We’ve lived so long under the spell of hierarchy—from god-kings to feudal lords to party bosses—that only recently have we awakened to see not only that “regular” citizens have the capacity for self-governance, but that without their engagement our huge global crises cannot be addressed. The changes needed for human society simply to survive, let alone thrive, are so profound that the only way we will move toward them is if we ourselves, regular citizens, feel meaningful ownership of solutions through direct engagement. Our problems are too big, interrelated, and pervasive to yield to directives from on high.
—Frances Moore Lappé, excerpt from Time for Progressives to Grow Up

Saturday, January 3, 2015

The End of Endless Growth: Part 2

Click here to access article by Nafeez Ahmed from Motherboard. 
The pseudo-debate over whether 2015 entails recession or recovery overlooks the bigger picture: that the global economic crisis is simply a stage in the long decline of a paradigm that has outlasted its usefulness.

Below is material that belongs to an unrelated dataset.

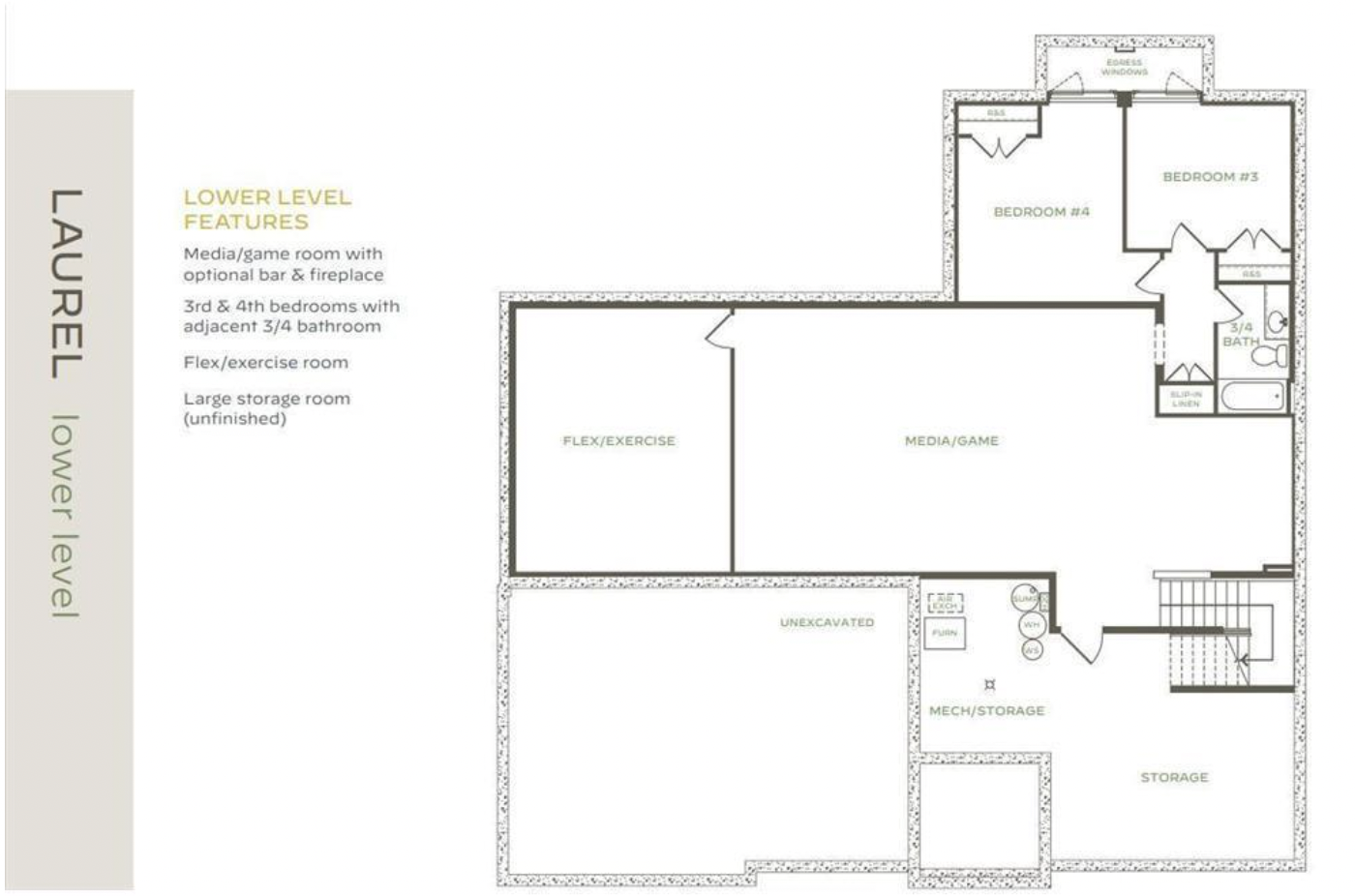 The finished lower level expands the home’s entertaining potential with a large media and game room, with options for a bar and fireplace—creating the perfect space for hosting friends, relaxing, or enjoying game day.

Far from being all doom and gloom, continuing global economic fragility is symptomatic of a fundamental shift in the very nature of civilization itself. The new era of slow growth and austerity has emerged because the biosphere is forcing us to adapt to the consequences of breaching environmental limits.

This fundamental shift has also brought about significant changes that offer profound opportunities for systemic transformation that could benefit humanity and the planet. These five interlinked revolutions in information, food, energy, finance and ethics are opening up opportunities for communities to co-create new ways of being that work for everyone. This year we could discover that the very disruption of capitalism itself is part of a major tipping point in the transition to a new post-industrial, post-capitalist paradigm.